Williams's historical viewpoint, fused out of the materials of an immensively impressive knowledge of literature, a personal commitment, and a sophisticated sort of impressionism, is similar to that of the most respectable social and economic historians of England, men like R. H. Tawney and others who rely for their evidence less on belles-lettres and more on manorial records, game-preserve records, the prices of timber, grains, beer, bread. To the extent that Williams extends their argument, with evidence from the history of literature, he does a great service. His work is especially valuable as an antidote to those writers of today who continue to regard the city and technology as synonymous with evil and still search for a mythical ideal in the hills and woodlands and rivers and valleys; these writers refuse to see the countryside, as Williams does, as part of the total system of work, prices, and wages.

But in his search for a real community which will combine the most democratic elements of town and country—progress with personal concern—Williams is also something of a romantic.
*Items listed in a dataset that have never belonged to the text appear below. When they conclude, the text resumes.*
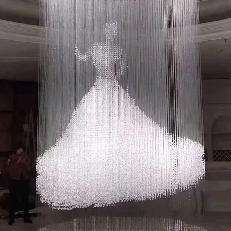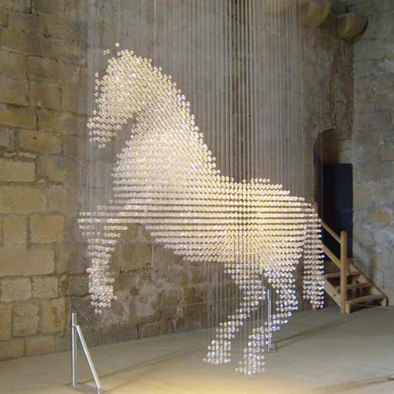 Esta escultura de cavalo personalizada em formato de pingente de cristal foi pensada para realçar lobbies de hotéis, villas e salões de beleza, combinando arte e iluminação em um único elemento. Ideal para espaços que procuram presença marcante com um toque contemporâneo.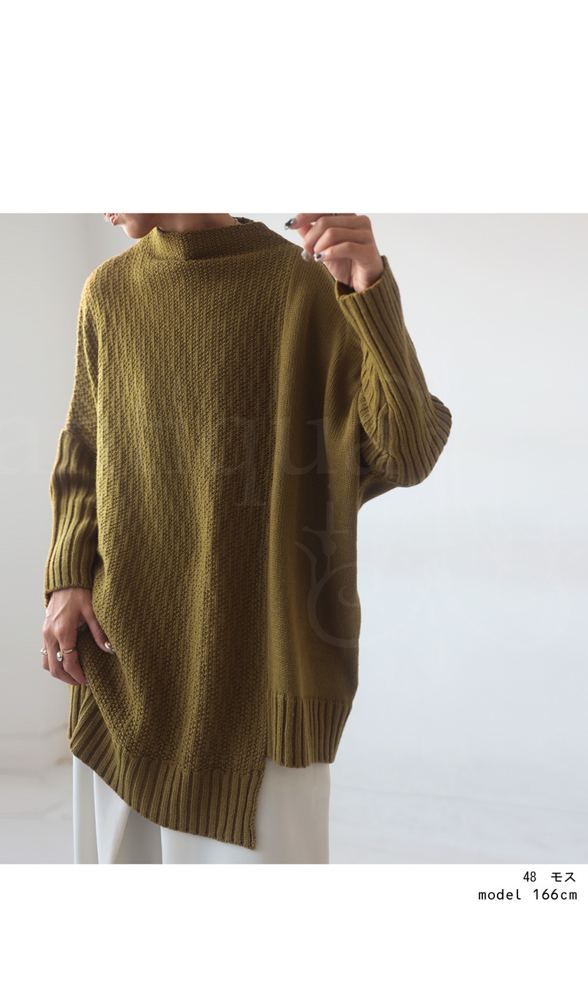 【検索ワード】アシメデザインニット ニット レディース トップス 長袖 セーター プルオーバー ボトルネック ハイネック アシンメトリー アシメ ラーベン編み 天竺編み 切替え デザインニット ドロップショルダー 長め リブ 裾アシメ ゆったり オーバーサイズ 大きめ 大きいサイズ antiqua アンティカ 大人 おしゃれ 10代 20代 30代 40代 50代 60代 秋 冬 お洒落 カジュアル かわいい かっこいい あんてぃか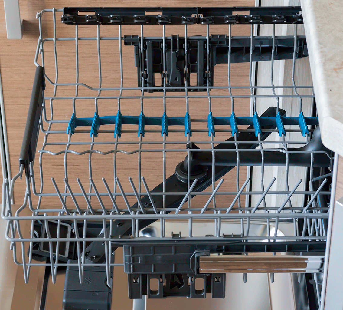 Как мы говорили, эта полка может быть приподнята полностью или с одного бока. Эта возможность особенно ценна при необходимости вымыть что-то крупногабаритное в нижней корзине. Важный момент — система FlexiLift дает возможность изменять корзину даже при полной загрузке, то есть, если внизу образовалось что-то высокое в последний момент, то и перед самым запуском запросто можно изменить положение «верха».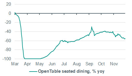 What has the tangible impact of the third wave been so far? The most visible impact has naturally been on the hospitality sector. At least a quarter of the US population lives in areas with bans on indoor dining, and the OpenTable data shows a fall of around 15 percentage points in seated dining over the past month – from around -40% yoy to -55%. The OpenTable data correlates well with the food services category of retail sales, suggesting a sharp drag from hospitality will be visible in the November data (released 16 December). At the same time, consumer confidence is also softening, with the expectations indices in both Conference Board and Michigan surveys falling back to near the lows for the year. With that said, the latest high frequency payments data to 22 November suggests that overall consumer spending has in fact increased, to a shortfall of -2.3% compared to January levels, up from around -5% a month ago (note that this data is seasonally adjusted, although it is not directly comparable to consumption in GDP). As such, while the hospitality sector is clearly being hit by the third wave, it appears consumer spending in other areas of the economy is for now offsetting that weakness. (Bill Diviney)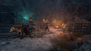 The temporary camp, acting as a relay point for the cultists of the Absolute, is at X: 87 Y: -49. When approaching it, a cutscene starts where Warrior Gronag baits a Hyena to fetch a bone, throwing it in the shadowed bushes. If he is not stopped, the hyena obeys and is consumed. Otherwise, the party can not only spare the hyena, but order the goblin to do the same (with an identical outcome). For the Dark Urge, doing this grants the inspiration Forcing Responsibility. If the hyena is spared, she may be spoken with via Speak with Animals afterwards. She tells the player character about being too cowardly to leave the goblins, but can be inspired through several ability checks. In the latter case, she runs away, only to be affected by the curse.[4]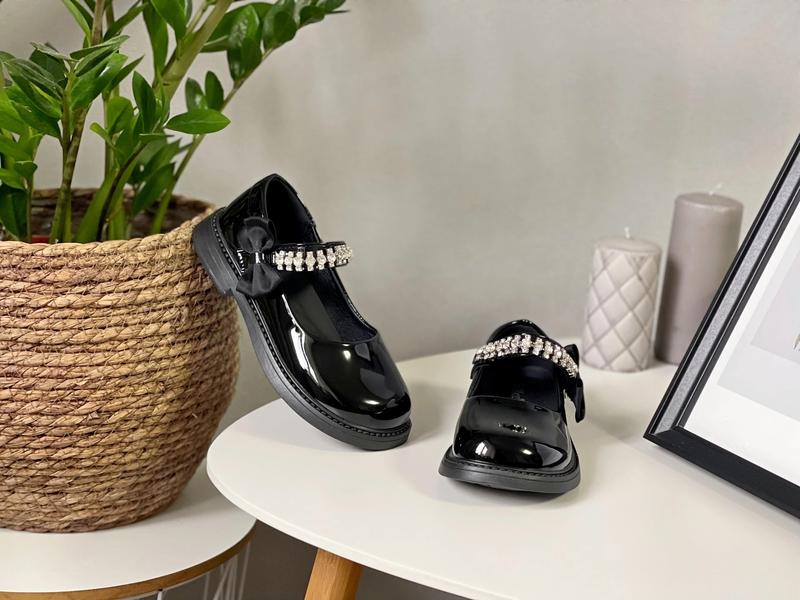 Неймовірно стильні туфельки Відмінна якість Верх еко лак Устілка перфорована з супінатором Гнучкі та м"які Фіксація липучкою Всі прикраси надійно пришиті Ціна 1000 31р - 19,5 см 32р - 20,3 см 34р - 21,5 см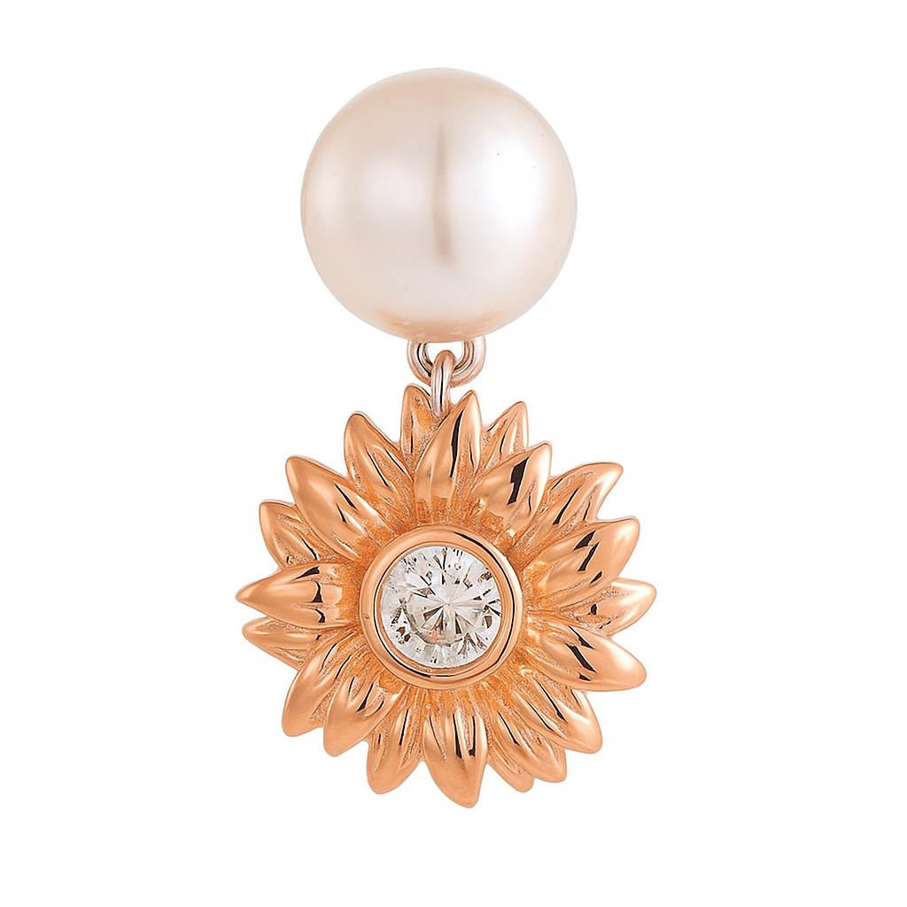 In a field where golden sunflowers sway gently under the sun, this pendant captures the essence of nature's beauty and grace. Designed as a radiant sunflower, its petals sparkle with the brilliance of withthe centre diamond carefully set with VS1 clarity to ensure perfection. Atop the flower sits a lustrous pearl, symbolizing purity and elegance. This enchanting piece represents the balance of light and nature—where the warmth of the sun meets the softness of the pearl, and the diamonds illuminate the beauty of the design. Wearing this pendant is not just about adorning oneself; it's about carrying a piece of nature's joy and timeless elegance, wherever you go.

He is, in fact, himself a microcosm of the history he writes about. He was born and grew up in the country, and, as a young man, went to Cambridge, where he learned “culture”—a discipline, a way of life, usually considered urban. Williams knows first-hand the experience of the transitional man (it was the subject of his excellent work, Culture and Society)—the agony of separation from roots, the conflict of values, the hesitant (and certainly guilt-provoking) adoption of urban ways, the sense of loss of the past. Williams knows more of the countryside than Jane Austen did, more than George Eliot; yet, being an academic, caught in the border-land (which also caught Hardy and Lawrence), wanting to talk about what is and what must be done, he is forced, still, to rely on just what the countryman in him mocks: “sociology.”

The result is that The Country and the City is two books: an excellent one about literature and ideas, and a smaller sociological one that is jargon-laden and not so good. The irony is that the conclusions drawn from knowledgeable insights in the one lead to romantic oversights in the other (or even more paradoxically, the reverse: the romantic impulse leads to excellent scholarship). Thus, when Williams talks of the creation of a new world, a better community, “directness,” “connection,” “mutuality,” “sharing,” of life as an integrated, organic whole, what he does in effect is to create a counter-pastoral of his own. And as for the practical means of achieving his hoped-for community—one which will combine the “evergreen” with the factory—the suggestions he offers are so vague as to be nearly meaningless. There is, in fact, more than a trace in all this of what has come to be considered a peculiarly American malaise: intellectual anti-intellectualism. It is, in a way, refreshing to spot it in a brilliant and intellectually rigorous Cantabrigian.